Observando a questão da aderência, o Pix
foi um sucesso absoluto e é um dos melhores casos de adoção voluntária de um
“produto” financeiro no mundo. Em um ano de funcionamento, nove a cada 10
transferências já são feitas pelo sistema e 105 milhões de pessoas, ou seja,
mais da metade da população brasileira, já usou. Num primeiro momento,
quase todas as transações no sistema eram feitas de pessoa para pessoa,
mas agora 16% já são de pagamentos a empresas. O produto está melhorando muito
e logo será possível ainda pedir troco, fazer saques e pagar parcelado. A
consequência dessas mudanças e da grande aceitação está também no
impulsionamento da concorrência. Se antes, os grandes bancos sempre tiveram
vantagens muito expressivas em suas redes de meios de pagamentos, hoje elas
perdem importância quando existe uma alternativa mais rápida, confortável,
barata e segura e, principalmente, que qualquer banco de médio e pequeno porte
podem oferecer.
Dentro deste cenário de mudanças no
último ano, a pandemia também foi fator determinante para a concorrência
financeira e não só no Brasil, mas especialmente aqui. Os grandes bancos
brasileiros tiveram historicamente redes de distribuição e atendimento
gigantescas, em consonância com o tamanho do país. Há 20 anos, teria sido
impossível para um banco sem agências capturar clientes. Mas a tecnologia foi
desenvolvida e algumas pessoas, que chamamos de early adopters (primeiros a adotar), começaram
a migrar para os canais digitais dos grandes bancos, e depois para Fintechs e
Neobanks. A pandemia gerou um problema logístico que fez com que a parcela que
não confiava, gostava e/ou entendia os canais digitais foi obrigada a os
adotar. Essa mudança forçada acabou acelerando o processo de
digitalização, o que equaliza hoje o poder de um banco com 5 mil agências
com um que não possui nenhuma e está apenas no ambiente digital.

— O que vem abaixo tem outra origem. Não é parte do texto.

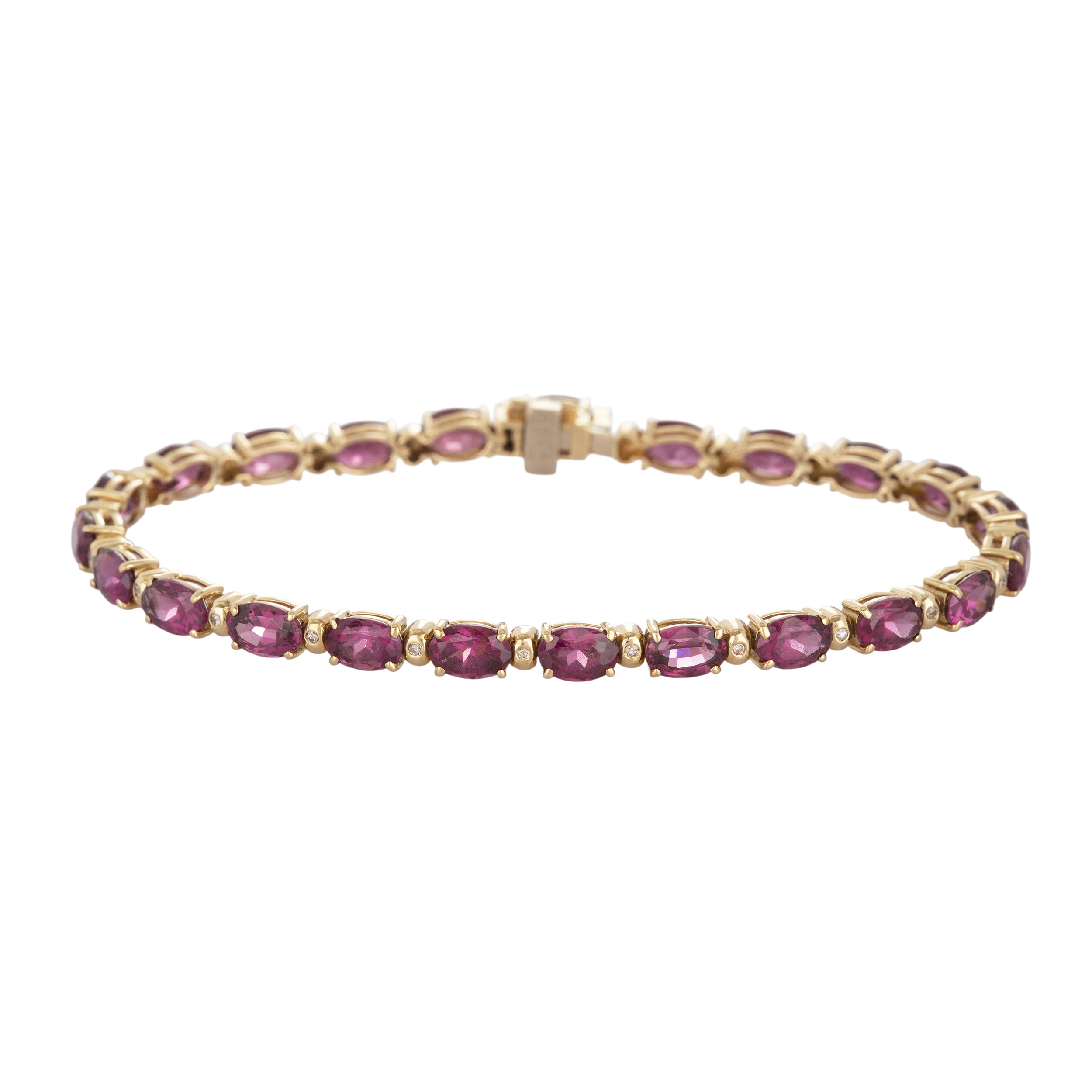 Pulseira de ouro amarelo com 15,23ct de rodolitas, 0,12ct de brilhantes e 12,9g. Medida 18cm.

Ainda sobre concorrência, não podemos
deixar de citar outros exemplos que estão impactando o mercado e ainda terão
uma parcela grande nas futuras mudanças dentro do setor financeiro. Os Neobanks
possuem recursos enormes para concorrer com os grandes bancos, podendo investir
muito mais em publicidade e desenvolvimento tecnológico. Isso porque eles não
se importam com o lucro na mesma medida que os bancos tradicionais. Os
investidores dos grandes bancos exigem rentabilidade, é claro, mas os investidores
dos neobanks querem crescimento de market
share, qualidade de atendimento, etc. Ou seja, permitem que eles
possam baixar os preços a níveis que os concorrentes diretos não podem
acompanhar.
Com tantos eventos e acontecimentos
neste ano que passou, a mudança em geral está sendo possível graças à parcela
de responsabilidade de cada uma delas, seja Pix, Pandemia, Open Banking e
Neobanks. O fato é que todos incentivam um mercado mais competitivo, o que
desempenha um papel fundamental para a economia do País.
*Julián Colombo é economista com mais de 20 anos de carreira em banco, também é co-fundador e CEO da N5, empresa de software dedicada à transformação digital no setor financeiro.